Tonight, on my mind, are not only a few of “My Favorite Things” but more specifically … “Things that I Greatly Miss” (Dear Rogers and Hammerstein, Please allow me to take a few liberties with your tried and true tune with a dash of creative license!):

  1. Cool fall evenings and walking along a path full of vibrant, colorful, dry, crunchy leaves – CA does not even come close to IL/Midwestern autumns
  2. Along those same lines, wearing sweaters or sweatshirts for the first time in fall
  3. The first snow of winter. I. Miss. Snow.  (yes, I just said that – the November/December variety, anyway)
  4. After experiencing said snow, sitting by a forced-air heater to warm up while the rest of the room and outside was bitter cold
  5. The sound of the laughter and giggles and the low rumble of talk – both from loud booming voices to low, discrete whispers of my three children (when they were small, of course, although hearing the adult version of their voices still puts a smile on my face)
  6. The security I felt when all three of my children were asleep at the same time under the same roof and the feeling of serenity I experienced when I would check on them one final time before going to bed
  7. The feeling of life growing, expanding, and moving inside of me when I was pregnant
  8. The smells of candles and incense at church during the quite moments before service – I have many fond memories of Masses at St. Francis and Our Lady of Perpetual Help in Bakersfield
  9. The smell of bright lavender lilacs in the spring
  10. Seeing fireflies dart and hover around the horizon at dusk during late spring and summer
  11. Feeding baby calves from a bottle
  12. The feeling one has the first few moments after mounting a horse and taking the initial first, few steps
  13. The comfort I felt to be surrounded by extended family; the security and warmth that would overwhelm with the sense of loving and being loved and cared for
  14. The feeling of running ones fingers over the keys of a piano when playing “Fur Elise”
  15. Innocence … mine was lost way too soon and I have never recovered
  16. Almost anything cooked or baked by my Grandma – kolache, bismarks, hotdogs wrapped in dough … you name it
  17. Teaching a small child to sound out a word for the first time and the look on his/her face when he/she realizes that a word was just “read”
  18. The sound of Slovak being spoken… from those I loved and who have been long gone
  19. The feeling of loving and being loved and not every thinking that it could end – someone would leave – or it could be taken away
  20. The sensation youfavorite things feel when your own small child falls asleep while sitting in your lap
  21. The joy of reading anything by Roald Dahl out loud to students
  22. Seeing famous awe-inspiring sites for the first time: The view from Sacre Cour in Paris; Big Ben and the Houses of Parliament; swans along the River Thames; the majestic Redwoods; the deep purple Rocky Mountains.
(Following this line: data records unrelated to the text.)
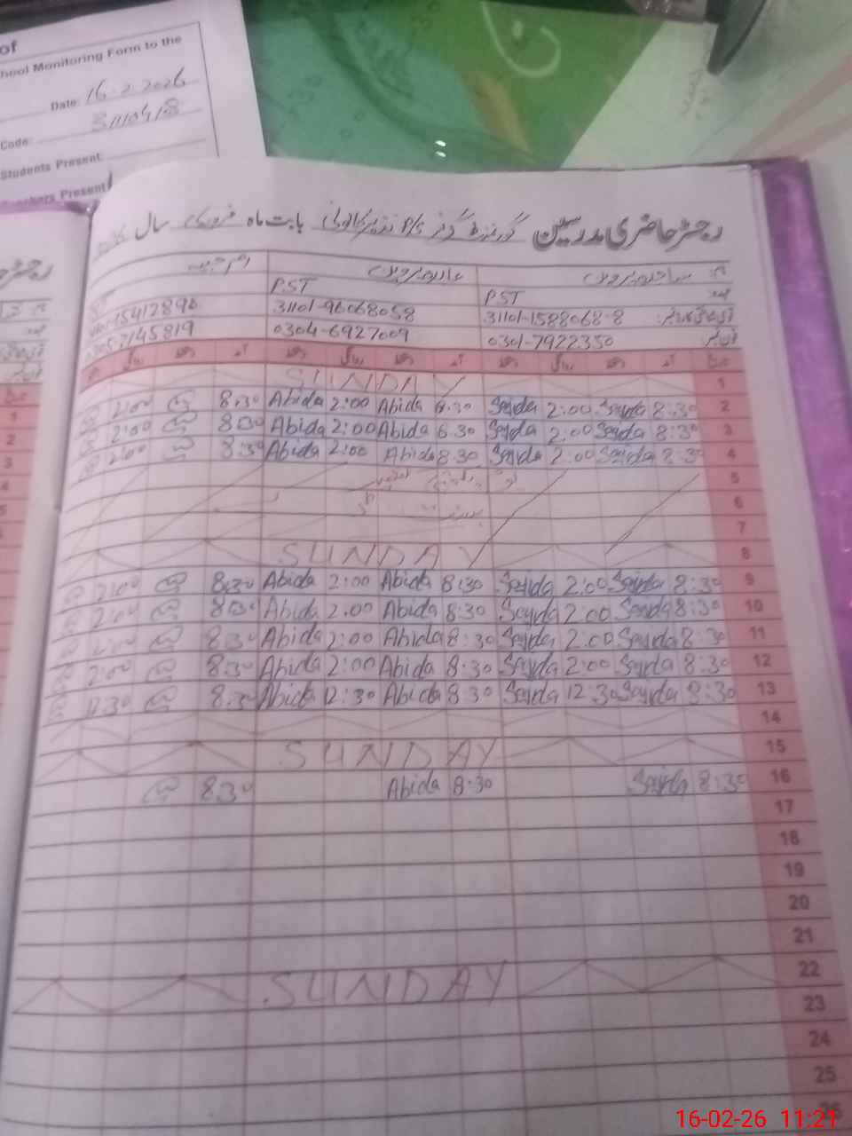 | Name: SA**** PE**** Designation: (School Headmaster's/Headmistress's) PST Phone/Cell Number: 03**** |
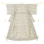 乳白色の地に、板締め技法による細かな亀甲と蚊絣で柔らかな曲線のよろけ縞を織り出した、独特のシボ感とさらりとした風合いが特徴の白鷹お召し 着尺です。
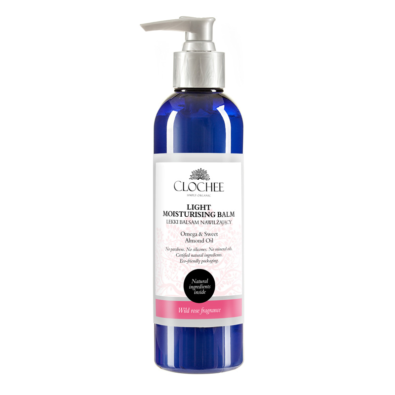Light Moisturising Balm - Lekki balsam nawilżający - dzika róża. Balsam o lekkiej konsystencji, polecany szczególnie dla skóry suchej i podrażnionej. Obecność kwasów tłuszczowych Omega 3,6,9 oraz witamy F wspomaga w odbudowie płaszcza hydrolipidowego skóry, co zapobiega utracie wody z naskórka oraz przesuszeniom. Produkt chroni skórę przed szkodliwym działaniem czynników zewnętrznych oraz hamuje procesy starzeniowe. Olej ze słodkich migdałów zawarty w balsamie jest źródłem witamin A, B1, B2, B6, D i E oraz składników mineralnych, niezbędnych przy pielęgnacji skóry podrażnionej oraz z rozstępami. Balsam szybko wchłania się, nie pozostawiając uczucia lepkości.
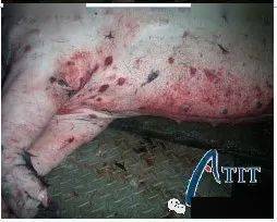 图5 屠体腹部皮肤有许多暗红色瀰漫性的出血点以及菱形红斑。本例为猪丹毒病猪,可见病变分布于肩、背、体两侧与腹部
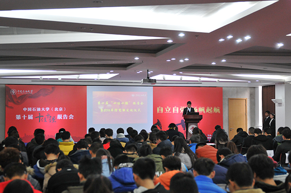 会上,三位“十佳十强”获奖者作了现场报告。他们从新生适应、学业进步、勤工助学等角度,与现场同学分享了他们在大学校园学习、生活的经验和感悟,把石油人的使命感、责任感与自强不息、追求卓越的精神传递给每一位新生。

The list can go on and on …

Apparently, it is a good thing that my ambitions are not to be a famous lyricist as I would have failed miserably with this rather long, wordy list of “Things that I Greatly Miss”!  While there may not be any “cream colored ponies” or “schnitzel with noodles” on my list, these are all things that I remember dearly and fondly.

Just a Small Town Girl …

Yesterday, while driving to work, two different songs came on the radio that resonated with me: Small Town by John Mellencamp and Don’t Stop Believin’ by Journey.  “Well I was born in a small town …” and “Just a small town girl – Livin’ in a lonely world” resonated with me.  Both of those lines are me … however … when I looked onto the horizon I saw one of my favorite views of my commute on the 134 East (aka Ventura Freeway/Highway – now another song can be running through your head!) – the Colorado Street Bridge and ravine.  Something old – a bridge built in the early 1900’s – with something new – miles and lanes of cars sporting the latest in chrome and steel.  In my rearview mirror, I saw the LA skyline – somewhat in a haze due to some nice city-living smog. At that moment, I had a bit of a “world’s collide” moment as I realized that as much as I felt like that “small town girl” that Steve Perry crooned about, I am definitely not in her zip code anymore!colorado street bridge

Growing up in Small Town, USA (Gardner, IL – at time, population 1400), my concept of “city” was Chicago.  As I had many relatives who lived there, I was not a stranger to riding The El or  walking along State Street – especially at Christmas time.  I always enjoyed my visits; I have fond memories of The Brookfield Zoo and watching the Cubs play.  However, after each visit and well before the sunset, we always got back into the car and headed back to the farm.  Interestingly enough, I never really dreamed of living in a city while I was a child.  I always had small town aspirations.  I thought my life would be in common with John Mellencamp’s musings – “I would live and die in a small town.”  And then fate stepped in!  When I graduated college, I could not find a teaching job in a small town or a big city in Illinois so I ventured West, landing in my first taste of “city living” in Bakersfield.  I experienced, for the first time, living in close proximity to a neighbor – mere feet between us instead of miles.  On the upside, I learned many conveniences came with city living that included supermarkets instead of grocery stores … stores open 24 hours or until very late in the evening …more restaurants serving foods of all types of creations and concoctions … City life does bring easy access to almost everything under the sun!  There is a price for this convenience; however, that comes in the form of traffic, pollution, and crowding.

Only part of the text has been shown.